As we know, Bell number can be given using two formula
$B_N=\sum_{k=0}^{N-1}C_{N-1}^{k}B_k$ (recursive)
$B_N=e^{-1}\sum_{k=0}^{\infty}\frac{k^N}{k!}$ (Dobinski's formula)
Now I want to substitute Dobinski's formula into recursive one to validate it is valid.
Here is what I do
$$ \begin{align} B_N&=\sum_{k=0}^{N-1}C_{N-1}^{k}B_k \\ &=\sum_{k=0}^{N-1}C_{N-1}^{k}(e^{-1}\sum_{i=0}^{\infty}\frac{i^k}{i!}) \\ &=e^{-1}\sum_{i=0}^{\infty}\frac{1}{i!}(\sum_{k=0}^{N-1}C_{N-1}^{k}i^k) \\ &=e^{-1}\sum_{i=0}^{\infty}\frac{(i+1)^{N-1}}{i!} \\ &=e^{-1}\sum_{i=0}^{\infty}\frac{(i+1)^N}{(i+1)!} \\ &=e^{-1}\sum_{k=0}^{\infty}\frac{(k+1)^N}{(k+1)!} \\ ?&=e^{-1}\sum_{k=0}^{\infty}\frac{k^N}{k!} \end{align} $$
But I have no idea how to deal with the line with a question sign? Thank you very much!

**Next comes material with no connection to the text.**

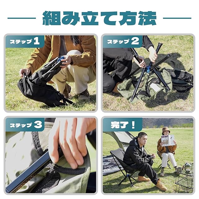 【わずか5秒で簡単組み立て】複雑な組み立ては不要!革新的な事前インストールされたクイックプルフレームシステムにより、スツールのセットアップや収納がわずか5秒で完了します。手間のかからないアウトドア体験をお楽しみください。

Thanks for the clarification given in the comments, using $$j = k + 1$$ and $$\frac{0^N}{0!}=0$$, we have $$ \begin{align} &=e^{-1}\sum_{k=0}^{\infty}\frac{(k+1)^N}{(k+1)!} \\ &=e^{-1}\sum_{j=1}^{\infty}\frac{j^N}{j!} \\ &=e^{-1}(0 + \sum_{j=1}^{\infty}\frac{j^N}{j!}) \\ &=e^{-1}\sum_{k=0}^{\infty}\frac{j^N}{j!} \\ &=e^{-1}\sum_{k=0}^{\infty}\frac{k^N}{k!} \\ &=B_N \end{align} $$